Of course, both are excellent cubes, fast, cut corners very well, and resist pops. If you like very light cubes the Ghost Hand II may be the cube for you, if you want a bit more feel, the F-II has the edge.


----------



## jms_gears1 (Mar 30, 2010)

chris410 said:


> I have the Ghost Hand II and the F-II. After solving a bit with both, I have to say that I like the F-II better simply because of the feel. The Ghost Hand is extremely light so I like the feel of the F-II.
> 
> Of course, both are excellent cubes, fast, cut corners very well, and resist pops. If you like very light cubes the Ghost Hand II may be the cube for you, if you want a bit more feel, the F-II has the edge.
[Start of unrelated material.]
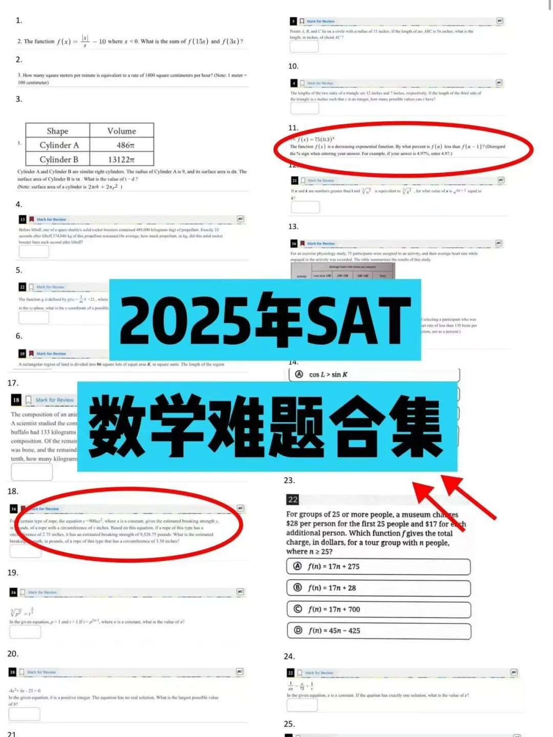 为了帮助同学们在考前用*短时间攻克,蒲公英SAT教研组整理了2025年全年《SAT备考数学真题难题》,专门针对Hard Module易错题、高频陷阱题、多次复现难题整理,帮你精准突破780+、冲击800分!

as far as im concerned GH = light FII with a smoother feeling.


----------



## Chapuunka (Mar 30, 2010)

What about GH I? Is there a big difference between the two?


----------



## chinesed00d (Mar 30, 2010)

Chapuunka said:


> What about GH I? Is there a big difference between the two?



GH 2 has weird bumps on the edges... gives it a really weird feeling


----------



## DaijoCube (Mar 30, 2010)

There are major differences between Ghost Hand I and 2. Check out PestVic's review on the GH II!

To answer post, I have a ghost hand, and it's my main speedcube. Colors are amazing, cuts well, quiet, has a unique feel to it. Comes with the lolpouch.

I gotta get an Fii, everyone seems to be jerking off to it!


----------